Support Questions

Find answers, ask questions, and share your expertise

Spark SQL Drop vs Select

avatar
Contributor

I want to pick and choose only a subset of the columns of a dataframe / table given some Array of Columns

E.g., given a table with columns [a,b,c,d,e] and I want to keep [a,c,e].

I see that I could either drop all columns that are not in my Array, or select the columns in my Array.

My question is which one is preferred efficiency-wise? Or does it even matter?

Thank you.

4 REPLIES 4

avatar
Super Collaborator

Spark uses and optimizer under the hood, so there will be no performance difference.

avatar
Master Guru

you can try both and look at the DAGs in the Spark History UI.

Most likely performance will be the same.

what's your SQL, there are some optimizations

avatar

I think it won't same performance .

Consider below two statements, Let say I have a DataFrame with columns a,b,c,d,e. I want to select only a,b,c

1) df.select("a","b","c") In this , it will only select the required columns and never bothered about other columns

2) df.select.("a","b","c","d","e").drop("d","e") In this First it select all the columns from DataFrame and then drops the unwanted columns.

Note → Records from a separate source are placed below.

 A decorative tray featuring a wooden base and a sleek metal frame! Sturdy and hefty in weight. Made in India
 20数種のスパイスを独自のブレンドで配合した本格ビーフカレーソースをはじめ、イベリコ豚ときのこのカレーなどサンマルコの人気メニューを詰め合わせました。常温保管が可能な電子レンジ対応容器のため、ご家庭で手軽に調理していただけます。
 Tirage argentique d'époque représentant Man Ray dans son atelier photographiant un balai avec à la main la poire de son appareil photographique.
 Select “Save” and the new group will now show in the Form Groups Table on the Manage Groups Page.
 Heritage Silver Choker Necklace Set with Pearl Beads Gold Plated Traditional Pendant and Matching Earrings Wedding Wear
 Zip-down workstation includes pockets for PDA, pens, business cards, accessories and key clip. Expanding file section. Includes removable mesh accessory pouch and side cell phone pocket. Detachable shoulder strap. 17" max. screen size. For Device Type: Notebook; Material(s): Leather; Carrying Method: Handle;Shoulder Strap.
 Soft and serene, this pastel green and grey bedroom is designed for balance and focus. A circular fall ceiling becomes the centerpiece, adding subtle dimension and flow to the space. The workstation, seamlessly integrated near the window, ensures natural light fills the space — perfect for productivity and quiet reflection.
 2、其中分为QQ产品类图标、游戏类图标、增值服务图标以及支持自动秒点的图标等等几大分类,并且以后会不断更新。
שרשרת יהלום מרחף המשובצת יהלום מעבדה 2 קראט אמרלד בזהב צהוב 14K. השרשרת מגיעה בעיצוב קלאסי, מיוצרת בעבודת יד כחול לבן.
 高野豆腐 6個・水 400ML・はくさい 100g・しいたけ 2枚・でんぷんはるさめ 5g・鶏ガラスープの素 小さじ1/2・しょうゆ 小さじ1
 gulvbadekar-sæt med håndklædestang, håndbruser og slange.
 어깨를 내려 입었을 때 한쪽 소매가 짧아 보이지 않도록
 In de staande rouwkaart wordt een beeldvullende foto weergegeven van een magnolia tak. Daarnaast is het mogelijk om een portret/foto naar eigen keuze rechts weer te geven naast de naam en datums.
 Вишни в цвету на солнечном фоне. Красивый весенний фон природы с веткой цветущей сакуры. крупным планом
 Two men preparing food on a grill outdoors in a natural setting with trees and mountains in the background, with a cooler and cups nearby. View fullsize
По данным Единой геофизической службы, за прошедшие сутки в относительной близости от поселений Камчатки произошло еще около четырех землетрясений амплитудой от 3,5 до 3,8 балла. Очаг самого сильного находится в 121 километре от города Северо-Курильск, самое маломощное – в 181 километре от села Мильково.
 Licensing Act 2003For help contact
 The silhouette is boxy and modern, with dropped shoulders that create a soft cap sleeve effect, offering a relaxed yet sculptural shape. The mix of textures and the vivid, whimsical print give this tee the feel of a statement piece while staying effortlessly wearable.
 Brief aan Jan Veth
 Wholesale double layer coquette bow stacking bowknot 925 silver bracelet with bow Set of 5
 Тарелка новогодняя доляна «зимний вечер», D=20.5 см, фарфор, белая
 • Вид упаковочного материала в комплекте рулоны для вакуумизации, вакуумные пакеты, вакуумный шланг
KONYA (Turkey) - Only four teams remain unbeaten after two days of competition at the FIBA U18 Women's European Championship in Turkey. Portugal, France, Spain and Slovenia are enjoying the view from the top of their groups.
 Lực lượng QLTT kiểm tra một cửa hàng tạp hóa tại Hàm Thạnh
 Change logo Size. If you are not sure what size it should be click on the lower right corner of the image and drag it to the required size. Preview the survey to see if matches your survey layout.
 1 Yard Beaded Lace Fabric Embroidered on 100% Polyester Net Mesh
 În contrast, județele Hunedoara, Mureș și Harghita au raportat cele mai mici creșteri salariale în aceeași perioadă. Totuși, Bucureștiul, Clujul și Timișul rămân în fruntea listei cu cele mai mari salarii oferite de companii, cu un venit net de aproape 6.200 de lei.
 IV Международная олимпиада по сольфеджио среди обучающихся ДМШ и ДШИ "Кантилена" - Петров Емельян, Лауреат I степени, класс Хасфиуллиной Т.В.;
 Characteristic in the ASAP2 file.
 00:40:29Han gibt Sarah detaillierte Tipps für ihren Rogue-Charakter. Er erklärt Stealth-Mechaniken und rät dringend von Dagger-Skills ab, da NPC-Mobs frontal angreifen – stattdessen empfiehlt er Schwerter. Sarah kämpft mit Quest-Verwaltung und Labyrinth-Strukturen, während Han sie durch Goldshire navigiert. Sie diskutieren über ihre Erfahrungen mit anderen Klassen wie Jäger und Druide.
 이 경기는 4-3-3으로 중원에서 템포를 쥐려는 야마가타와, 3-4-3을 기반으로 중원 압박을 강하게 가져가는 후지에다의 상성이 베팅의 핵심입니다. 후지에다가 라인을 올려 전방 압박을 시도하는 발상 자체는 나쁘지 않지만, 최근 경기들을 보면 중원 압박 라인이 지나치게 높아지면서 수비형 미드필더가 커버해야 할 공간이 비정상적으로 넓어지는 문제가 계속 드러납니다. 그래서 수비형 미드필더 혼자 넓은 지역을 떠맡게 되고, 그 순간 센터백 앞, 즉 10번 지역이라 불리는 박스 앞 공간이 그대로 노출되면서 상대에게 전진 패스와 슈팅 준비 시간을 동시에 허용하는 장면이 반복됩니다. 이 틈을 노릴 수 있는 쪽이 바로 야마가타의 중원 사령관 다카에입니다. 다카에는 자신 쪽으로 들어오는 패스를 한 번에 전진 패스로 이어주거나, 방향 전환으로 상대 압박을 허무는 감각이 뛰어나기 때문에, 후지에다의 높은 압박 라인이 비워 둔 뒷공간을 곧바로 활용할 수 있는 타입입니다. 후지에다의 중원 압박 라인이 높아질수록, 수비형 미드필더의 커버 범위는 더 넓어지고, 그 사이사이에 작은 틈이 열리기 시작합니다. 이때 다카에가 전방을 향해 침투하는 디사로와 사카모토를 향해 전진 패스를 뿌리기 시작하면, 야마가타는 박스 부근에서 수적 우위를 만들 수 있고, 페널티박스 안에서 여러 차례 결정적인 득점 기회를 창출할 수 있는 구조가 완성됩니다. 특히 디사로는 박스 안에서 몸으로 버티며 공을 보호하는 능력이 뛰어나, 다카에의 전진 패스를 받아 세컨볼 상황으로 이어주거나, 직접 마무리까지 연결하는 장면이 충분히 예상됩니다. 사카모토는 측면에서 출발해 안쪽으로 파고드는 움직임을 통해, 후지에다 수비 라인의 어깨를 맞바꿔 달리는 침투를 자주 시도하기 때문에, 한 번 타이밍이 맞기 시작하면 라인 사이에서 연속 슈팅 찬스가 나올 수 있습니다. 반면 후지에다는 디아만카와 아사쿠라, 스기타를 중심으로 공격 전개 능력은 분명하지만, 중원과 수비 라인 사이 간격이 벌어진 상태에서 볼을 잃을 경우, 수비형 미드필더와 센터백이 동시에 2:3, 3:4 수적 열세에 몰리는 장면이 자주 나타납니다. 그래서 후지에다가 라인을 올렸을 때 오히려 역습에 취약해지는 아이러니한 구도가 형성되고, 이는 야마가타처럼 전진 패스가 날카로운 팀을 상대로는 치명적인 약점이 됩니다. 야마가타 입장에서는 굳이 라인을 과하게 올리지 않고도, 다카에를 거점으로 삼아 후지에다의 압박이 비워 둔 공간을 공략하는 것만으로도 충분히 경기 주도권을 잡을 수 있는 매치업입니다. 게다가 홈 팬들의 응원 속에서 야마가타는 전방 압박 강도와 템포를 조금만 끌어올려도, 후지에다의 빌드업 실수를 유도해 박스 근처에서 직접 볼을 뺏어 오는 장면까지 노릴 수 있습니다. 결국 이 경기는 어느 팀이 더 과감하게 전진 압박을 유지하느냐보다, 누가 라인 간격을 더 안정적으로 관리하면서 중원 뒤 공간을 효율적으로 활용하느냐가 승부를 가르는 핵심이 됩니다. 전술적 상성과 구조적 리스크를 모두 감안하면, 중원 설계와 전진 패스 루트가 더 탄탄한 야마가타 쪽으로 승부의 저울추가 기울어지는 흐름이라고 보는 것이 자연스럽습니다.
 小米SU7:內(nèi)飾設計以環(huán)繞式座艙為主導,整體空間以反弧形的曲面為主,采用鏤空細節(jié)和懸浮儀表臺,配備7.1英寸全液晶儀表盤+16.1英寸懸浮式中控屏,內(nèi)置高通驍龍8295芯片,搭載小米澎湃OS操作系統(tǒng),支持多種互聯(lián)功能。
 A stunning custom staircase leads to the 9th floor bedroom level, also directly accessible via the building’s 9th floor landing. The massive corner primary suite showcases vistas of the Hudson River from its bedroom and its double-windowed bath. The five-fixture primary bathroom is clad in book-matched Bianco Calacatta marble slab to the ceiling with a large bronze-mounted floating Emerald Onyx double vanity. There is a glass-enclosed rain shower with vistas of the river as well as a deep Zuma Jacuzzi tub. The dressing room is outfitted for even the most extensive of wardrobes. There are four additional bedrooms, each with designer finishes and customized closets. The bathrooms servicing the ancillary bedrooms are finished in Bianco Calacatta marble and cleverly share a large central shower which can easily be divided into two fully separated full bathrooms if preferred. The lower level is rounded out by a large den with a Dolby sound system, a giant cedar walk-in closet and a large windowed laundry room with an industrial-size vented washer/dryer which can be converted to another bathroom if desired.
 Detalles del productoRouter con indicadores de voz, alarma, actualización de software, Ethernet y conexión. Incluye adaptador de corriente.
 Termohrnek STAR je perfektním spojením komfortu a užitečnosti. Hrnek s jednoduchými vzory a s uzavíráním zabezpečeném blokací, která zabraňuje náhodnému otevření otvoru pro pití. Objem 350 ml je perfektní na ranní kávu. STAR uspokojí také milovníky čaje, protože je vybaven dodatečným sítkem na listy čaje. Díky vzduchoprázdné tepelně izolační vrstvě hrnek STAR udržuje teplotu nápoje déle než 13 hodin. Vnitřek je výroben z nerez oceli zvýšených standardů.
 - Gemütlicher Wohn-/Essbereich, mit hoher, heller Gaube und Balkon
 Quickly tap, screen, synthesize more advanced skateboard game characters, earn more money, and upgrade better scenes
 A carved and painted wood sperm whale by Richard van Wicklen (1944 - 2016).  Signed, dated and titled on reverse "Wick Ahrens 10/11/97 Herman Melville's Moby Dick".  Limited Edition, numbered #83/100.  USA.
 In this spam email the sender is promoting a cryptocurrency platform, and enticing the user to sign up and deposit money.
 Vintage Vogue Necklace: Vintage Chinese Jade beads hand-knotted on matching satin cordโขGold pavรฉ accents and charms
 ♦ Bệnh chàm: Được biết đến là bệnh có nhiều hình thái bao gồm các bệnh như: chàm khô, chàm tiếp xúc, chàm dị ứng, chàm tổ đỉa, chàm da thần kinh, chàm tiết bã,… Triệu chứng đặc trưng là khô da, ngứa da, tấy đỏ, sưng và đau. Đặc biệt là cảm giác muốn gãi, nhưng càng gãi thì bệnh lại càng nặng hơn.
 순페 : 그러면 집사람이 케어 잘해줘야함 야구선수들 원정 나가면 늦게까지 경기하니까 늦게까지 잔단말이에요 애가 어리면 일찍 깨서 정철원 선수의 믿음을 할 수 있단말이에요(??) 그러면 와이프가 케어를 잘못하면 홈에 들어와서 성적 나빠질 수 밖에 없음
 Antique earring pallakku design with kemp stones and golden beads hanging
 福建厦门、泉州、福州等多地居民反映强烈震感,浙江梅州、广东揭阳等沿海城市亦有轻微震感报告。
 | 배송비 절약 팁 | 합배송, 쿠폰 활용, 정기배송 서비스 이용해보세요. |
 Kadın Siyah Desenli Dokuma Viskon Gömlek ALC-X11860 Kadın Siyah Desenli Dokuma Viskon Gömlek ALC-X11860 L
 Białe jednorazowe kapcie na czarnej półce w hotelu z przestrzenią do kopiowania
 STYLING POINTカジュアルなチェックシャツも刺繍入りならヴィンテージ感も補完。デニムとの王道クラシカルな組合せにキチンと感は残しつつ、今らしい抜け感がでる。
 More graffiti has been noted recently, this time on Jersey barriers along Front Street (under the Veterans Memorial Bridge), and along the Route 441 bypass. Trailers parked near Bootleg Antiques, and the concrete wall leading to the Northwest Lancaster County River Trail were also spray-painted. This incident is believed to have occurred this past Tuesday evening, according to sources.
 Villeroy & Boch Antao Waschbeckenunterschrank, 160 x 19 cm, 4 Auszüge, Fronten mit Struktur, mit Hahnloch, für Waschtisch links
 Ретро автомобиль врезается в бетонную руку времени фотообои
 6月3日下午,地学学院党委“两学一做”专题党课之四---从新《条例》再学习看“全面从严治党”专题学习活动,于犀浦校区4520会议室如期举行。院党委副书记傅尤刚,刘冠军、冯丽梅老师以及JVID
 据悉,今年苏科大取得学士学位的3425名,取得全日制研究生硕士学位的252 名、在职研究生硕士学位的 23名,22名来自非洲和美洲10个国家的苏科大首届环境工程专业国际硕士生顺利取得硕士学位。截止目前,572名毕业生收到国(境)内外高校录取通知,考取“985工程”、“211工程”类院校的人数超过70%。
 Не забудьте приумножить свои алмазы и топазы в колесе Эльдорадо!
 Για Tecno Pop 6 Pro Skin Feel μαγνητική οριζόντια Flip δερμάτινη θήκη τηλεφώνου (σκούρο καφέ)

I think in second statement there will be some performance down..

If Iam wrong..please clarify it


avatar
New Contributor

Spark Catalyst Optimiser is smart.If it not optimising well then you have to think about it else it is able to optimise.

Below is one example:

fr = spark.createDataframe([{'a':1},{'b':2}])

fr.select('a','b').drop('a')

parsed logical plan for above query is below

Parsed Logical Plan ==
Project [b#69L]
+- Project [a#68L, b#69L]
+- LogicalRDD [a#68L, b#69L], false

 

And Physical plan is below

Physical Plan ==
*(1) Project [b#69L]
+- *(1) Scan ExistingRDD[a#68L,b#69L]

Spark is optimising the query from two projection to single projection Which is same as Physical plan of fr.select('a').